Auch SZ-Autor Heribert Prantl widmet sich in seiner Rede der AfD. Er plädiert für ein Verbot der Rechtsaußen-Partei. Wieder lauter Applaus. "Die Grundrechte sind nicht dafür da, um mit ihnen die Grundrechte zu bekämpfen", sagt er. "Die Demokratie darf sich nicht in die Hände ihrer Zerstörer begeben." Deshalb fordert er auch ein "politisches Aktionsverbot" für den "heimlichen Parteiführer der AfD", Björn Höcke.
Und er plädiert dafür, den führenden AfDlern in Thüringen und Sachsen-Anhalt das aktive und passive Wahlrecht zu nehmen. Das Instrument dafür sei Artikel 18 des Grundgesetzes: Wer die Freiheit der Meinungsäußerung und andere Grundrechte zum Kampf gegen die freiheitliche demokratische Grundordnung nutze, der verwirke diese Grundrechte. "Es ist höchste Zeit", ruft Prantl, "diese Instrumente zu entrosten."

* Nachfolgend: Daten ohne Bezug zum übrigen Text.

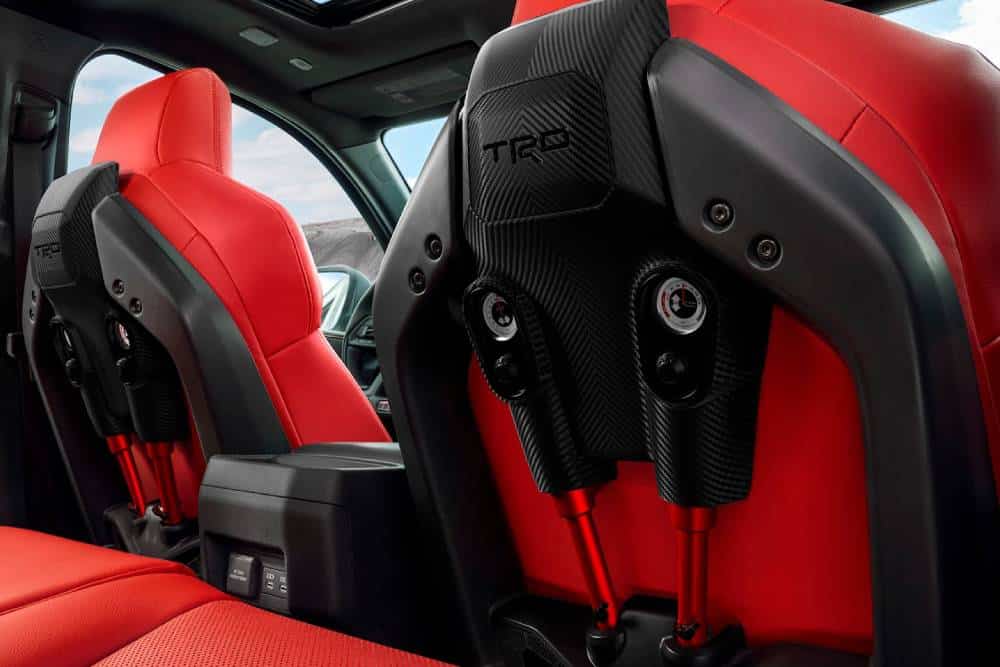 Το νέο Toyota Tacoma είναι γεμάτο προσόντα και ιδιαίτερα χαρακτηριστικά. Ολοκαίνουργια πλατφόρμα, τεχνολογίες συνδεσιμότητας, υβριδικά μοτέρ, πολυάριθμες εκδόσεις. Από όλα τα γνωρίσματα και τα εξοπλιστικά του στοιχεία, όμως, ένα είναι αυτό που ξεχωρίζει περισσότερο από κάθε άλλο: τα καθίσματα του TRD Pro.

Das "Nie wieder" sei "brüchiger geworden", sagt Ministerpräsident Söder
Am Nachmittag dieses Tages stehen vier Männer im Mittelpunkt, deren Namen kaum jemand kennt. Friedrich Fink, Nikolaus Hollweg, Max Schoberth, Rudolf Schraut. Die Spitze des Freistaats Bayern gedenkt der vier Landespolizisten, die sich zusammen mit Kollegen den Putschisten um Adolf Hitler in den Weg stellten und dabei getötet wurden. Auch Ministerpräsident Markus Söder (CSU) nutzt die kleine Gedenkfeier für einen Appell an alle Demokratinnen und Demokraten, sich den Rechtsextremen entgegenzustellen. "Mag die Meute auch größer werden, mag die Radikalität auch zunehmen, wir können das abwehren, wenn wir zusammenstehen."
"Nie wieder" sei das Credo der Bundesrepublik, das aber sei "brüchiger geworden" in letzter Zeit. Nie wieder: Früher habe man das in der Überzeugung gesagt, dass alle aus der Geschichte gelernt hätten, niemand irgendetwas relativieren werde. Und heute? "Die Wahrheit ist", sagt Söder, "es passiert." Anfangs leise, aber immer lauter und aggressiver. Auch Söder spricht von der AfD: Wer die Vergangenheit relativiere, "der hat was vor für die Zukunft", sagt er. "Lassen wir es nicht zu."